Look for the line containing "Chicsew Elegant Mother" and the line containing "An ostrich hides" in the entries below. Copy those two and all lines between them exactly, leaving out pictures.
*** Opening of Dataset extract ***
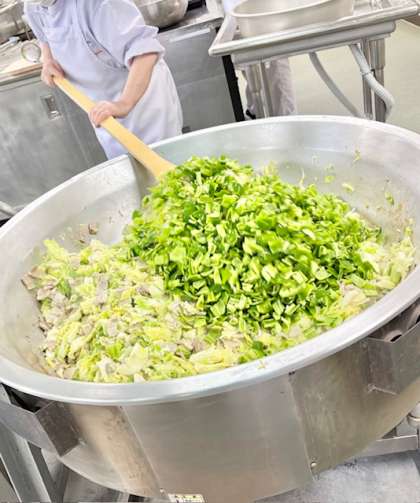 中華スープは、鶏肉、たまねぎ、にんじん、えのきたけ、青みにチンゲンサイを使用し、塩、こしょう、うすくちしょうゆ、中華スープの素で味つけしたスープです。
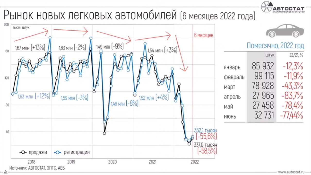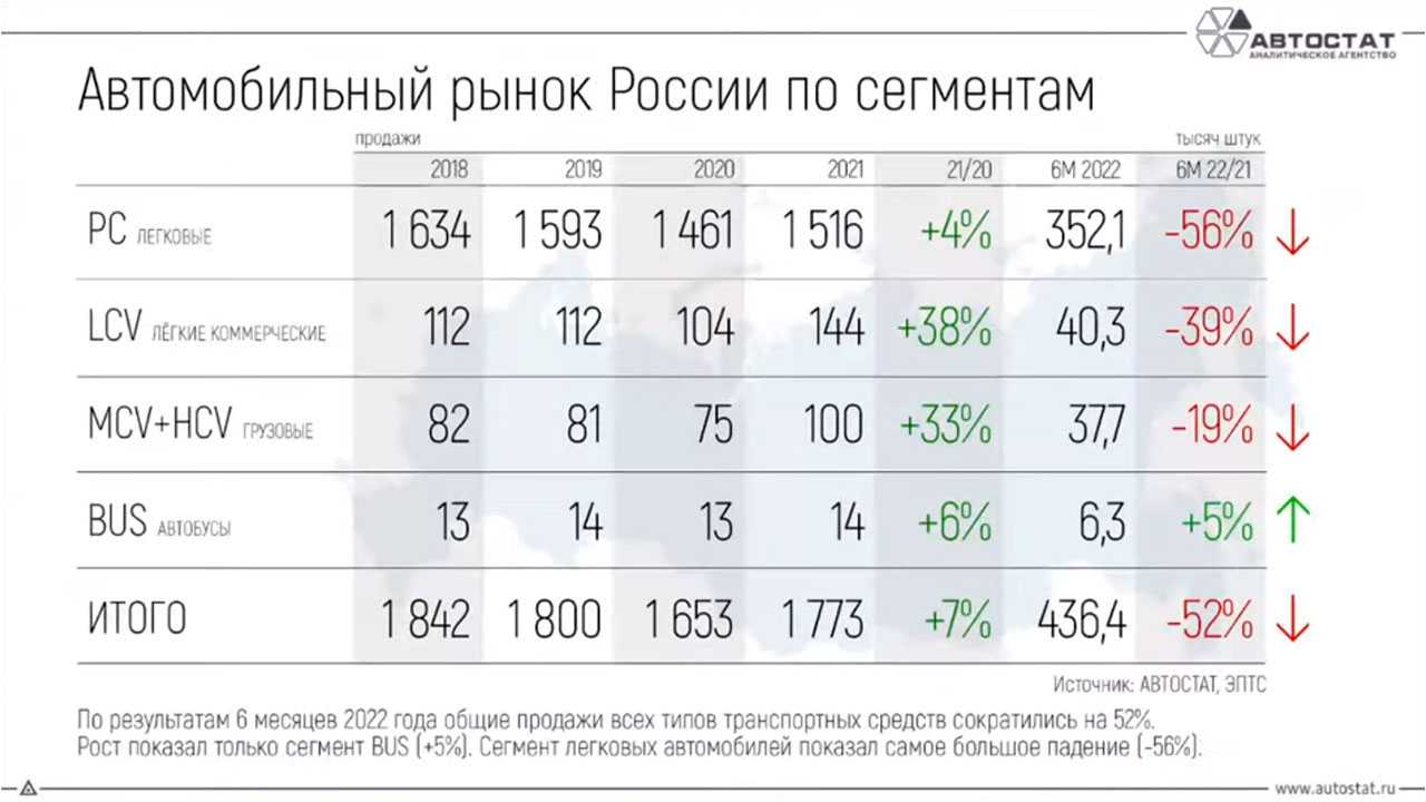 За шесть месяцев 2022 года продажи легковых автомобилей упали на 56% по сравнению с первым полугодием 2021 года. Продажи легких коммерческих автомобилей и грузовых автомобилей снизились на 39% и 19% соответственно. Рост продаж автобусов на 5% аналитики АВТОСТАТ связывают с поступлением госзаказов.
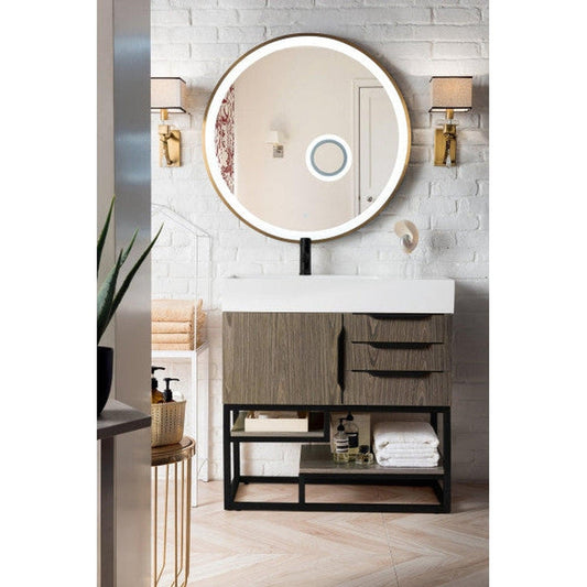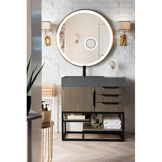 James Martin Columbia 36" Single Ash Gray Bathroom Vanity With Matte Black Hardware and 6" Glossy White Composite Countertop
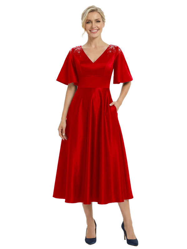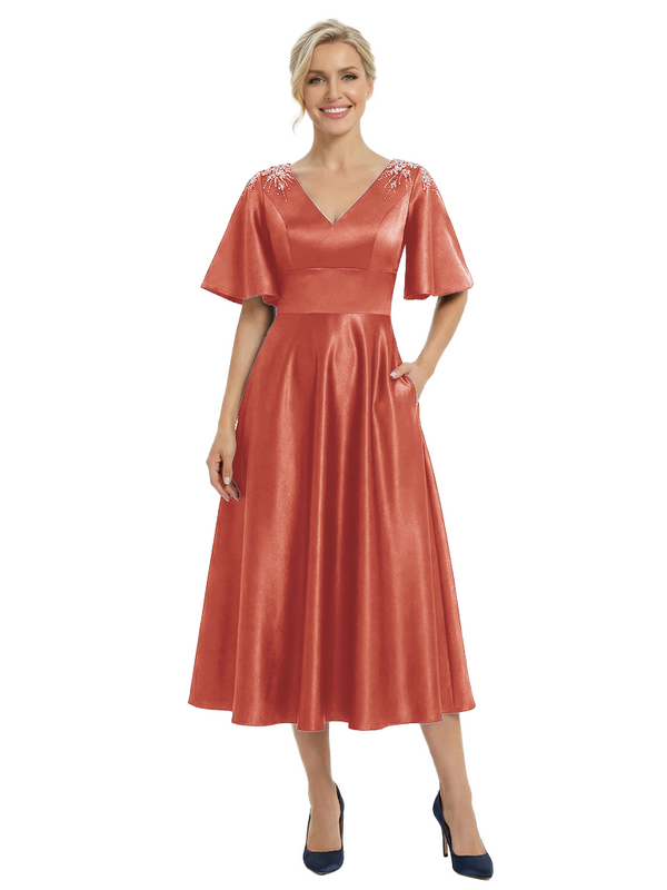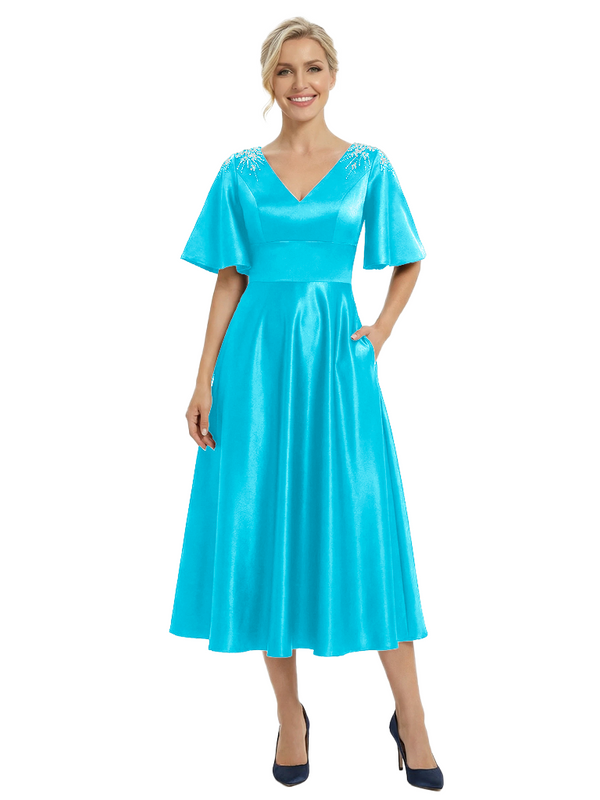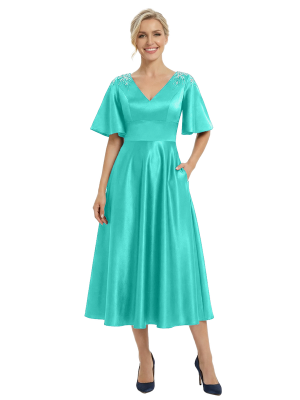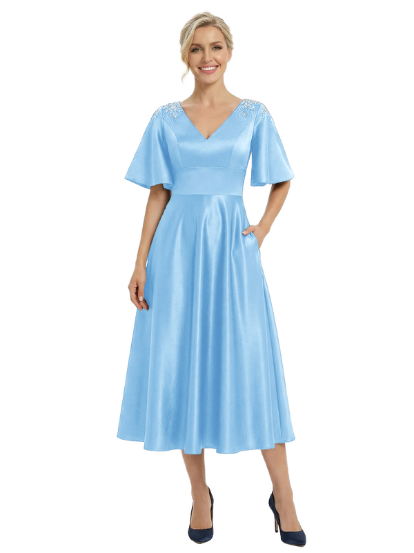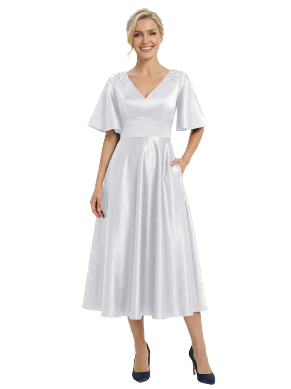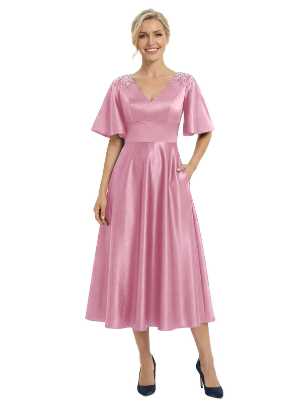 Chicsew Elegant Mother Of The Bride Dress V-Neck Short Sleeves Satin A-Line Tea-Length Gown
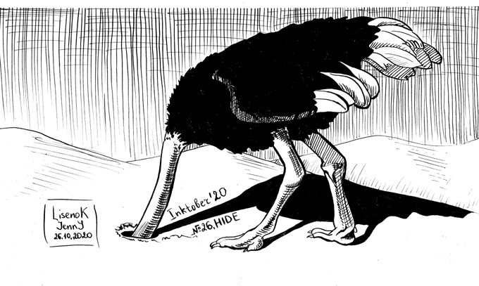 An ostrich hides its head in the sand Art © LisenokJenny #LisenokJenny #Inktober #Inktober2020 #ostrich #drawing #illustration #art #sand #Hide #InktoberHide
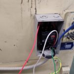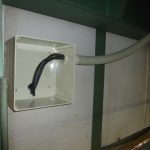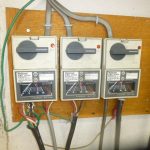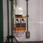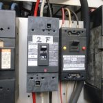 左の写真は2階に付いていた幹線のブレーカーを収めいていた鉄のボックスです。右の写真は1階へ移動した2台の機械のスイッチです(ハイプロスイッチと言います)
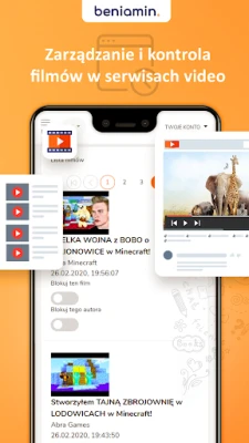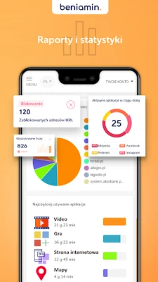 Az internetes tartalomszűrés funkcióval az Aplikacja Beniamin hatékonyan zárja ki a nem kívánt, gyermekek számára nem megfelelő weboldalakat és tartalmakat, még inkognitó módban is biztonságos böngészést biztosítva. Emellett gondoskodik a biztonságos keresési eredményekről minden böngészőben. Különösen hasznos a népszerű videómegosztó oldalon megtekintett videók elemzése: a szülői panelen keresztül áttekintheti gyermeke összes megnézett videóját, és azonnal blokkolhatja a nem kívánt csatornákat vagy tartalmakat. Részletes jelentések és statisztikák segítségével bármikor nyomon követheti gyermeke digitális aktivitását, és finomhangolhatja a beállításokat.
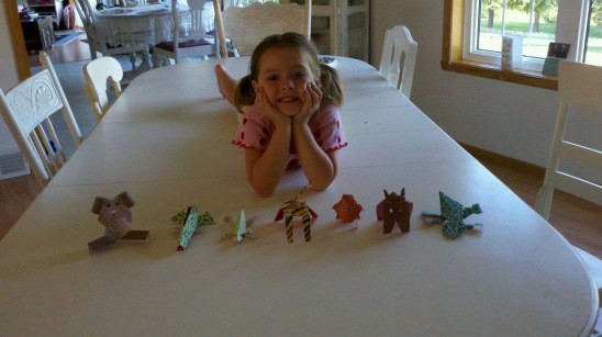 Our paper folding project was a success! Although Kaitlyn was a little too young to fold all of the animals herself (she is 4 1/2, the recommended age is 6+), she had fun folding the simpler designs and she loved playing with the completed critters.
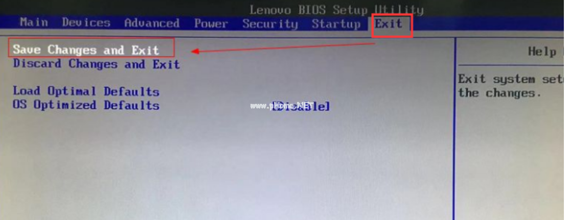 6.切換到exit界面,選擇save changes and exit項,或者按F10進行保存退出。
*** Close of Dataset extract ***
▶ Task response
 Chicsew Elegant Mother Of The Bride Dress V-Neck Short Sleeves Satin A-Line Tea-Length Gown
 An ostrich hides its head in the sand Art © LisenokJenny #LisenokJenny #Inktober #Inktober2020 #ostrich #drawing #illustration #art #sand #Hide #InktoberHide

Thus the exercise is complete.